Hunchle: Generating questions

2025-06-10

Time for a blog post detailing the difficulty with creating a fun-to-play trivia app (www.hunchle.com)

Generating questions is hard

A good quiz app needs good questions. That should be obvious, and your #1 priority, but when I initially built Hunchle, I decided to focus on other features (adding AI hints, streaks, share results, and thinking of whether I should include ads: I didn’t). What makes a good question? As someone who has dabbled in quizzing through high school and college, I was told, “A good question is one that you can work out. Not one that you either know or you don’t”. For example, “What is the name of the elf in the Fellowship of the Ring?” is a horrible question. There is no way you can guess the answer if you don’t know it. A much better formulation of the same question would be, “Legolas is this type of being, which shares its name with the title of a movie starring Will Ferrell”. Here, even if you don’t know the word “Elf” from The Lord of the Rings context, you may be able to guess at it from the movie clue.

Question difficulty

Ideally, I think a fun quiz would have a solve rate of 60-80%. For a quiz with five questions, this means most people score 3/5 or 4/5. A regular 5/5 score ends up being boring, but a rare 5/5 score feels like an achievement. Similarly, if I consistently score 1/5 or 2/5, I might feel like this just isn’t in my wheelhouse. But, think about how you could balance difficulty across such a wide range of people.
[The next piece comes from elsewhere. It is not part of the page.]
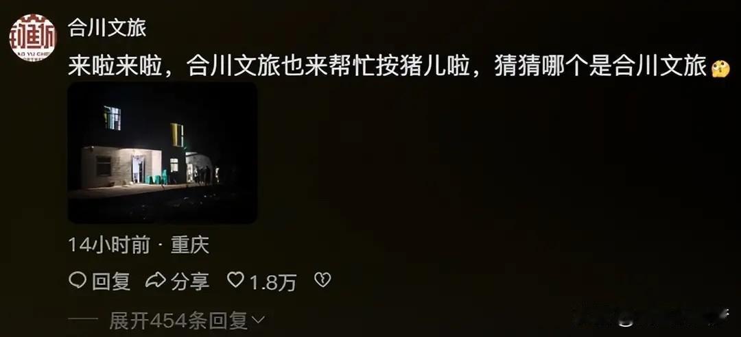不得了了!合川女子喊网友杀猪,结果来了半个中国!文旅凌晨赶来搭伙 就一句“我爸按不住猪,来帮忙的管泡汤饭,想让家门口车比结婚还多”,谁能想到捅了马蜂窝?晚上建的5个500人微信群秒满,第二天一早,村口土路堵得水泄不通,车队从山头排到山脚,比赶集还热闹。 呆呆站在自家院坝里,看着乌泱泱的人,脚都软了——原以为网友们就图个乐,哪成想真有人开几百公里车来“赴约”。可这姑娘实在,愣了几秒就扯开嗓子喊:“来都来了!杀猪!管够!” 俩年猪眨眼间变成刨猪汤,网友们自带碗筷蹲在院坝里吃,有人烧火,有人摘菜,比亲戚聚会还热闹。家里猪不够,呆呆就跑隔壁村买,硬是把宴席撑了下去。 更绝的是,后半夜两点,合川文旅的人裹着寒气来了,没摆架子,蹲在火堆旁跟网友一起搓手,说:“咱一起给全国人民做顿热乎饭!”转天,呆呆就跟着文旅干部拍视频,对着镜头笑:“来合川过年,我请你们吃泡汤饭!” 谁能想到,一句随口的邀约,愣是把个小村庄变成网红地。网友说得逗:“这哪是闯祸,这是给家乡捅了个‘金窝窝’!” 你说,这算不算最接地气的“流量密码”?

People assume their knowledge is “less than” others, but my take is that people simply have knowledge of different areas, based on their life experiences and interests. For example, my sister could likely tell you who Shah Rukh Khan’s third child is (which I couldn’t), while I could name an equally inane fact like the capital of Barbados (something many others can’t). For a quiz to be appealing to both, you need to use your five questions to ideally hit a wide variety of topics. However, a wide variety of topics alone is not good enough. For someone who is well-versed with The Lord of the Rings, a question like “Legolas is this type of being, which shares its name with the title of a movie starring Will Ferrell.” is too easy. And ideally, you want a question that’s a bit more of a challenge for them.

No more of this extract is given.